She had been on two planes, a train, a taxi, and now a creaking, coffin-like lift. That was enough for anybody.
“Do you want to sleep or head to the office before it closes?”
“I’d just as soon get started. I want to meet Giovanna.”
I opened the door to the flat. Emiliano was nowhere to be seen, and the front room was empty. Off to one side was a long table where Emiliano usually set out the breakfast things. Under a glass cover sat a cake. Emiliano must have baked it that morning.

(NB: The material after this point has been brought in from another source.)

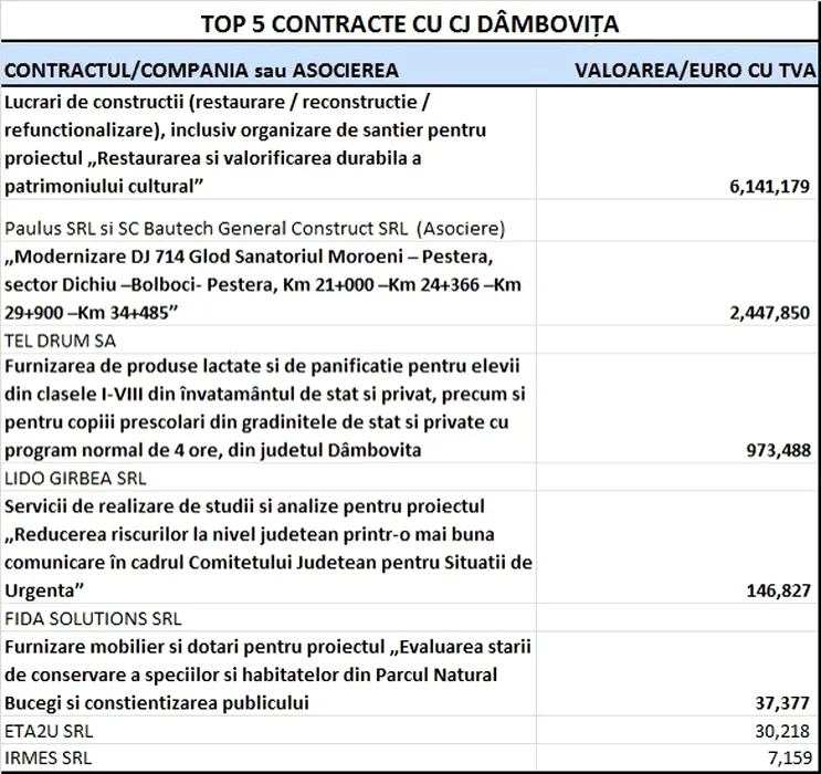 DÂMBOVIȚA Unde au mers banii publici în 2014. Topul firmelor care au contracte locale cu statul

“Pan di spagna!” cried Desiree, crossing the room. She lifted the cover and inhaled deeply. “Oh, I love this.” A golden light slanted in from the windows. It caught her cheek and her soft jawline. It all looked like a Renaissance painting.
“I’m glad you came,” I said.
Her eyes caught mine, two blue planets. “I’m glad you asked me,” she replied. She lifted a small paring knife that sat beside the cake. “What do you think? Should we have some cake before we go?”
“Is it good?” I moved closer.
“This is Italy,” she said. “Of course it’s good.”
Half an hour later, we were walking along the river. The sky had clouded over again. Up ahead were the church spires and red-tiled roofs of the Old City. “Just up there,” I began, “is the Roman arena. It’s the third biggest in the world, but you can’t really see it from here.”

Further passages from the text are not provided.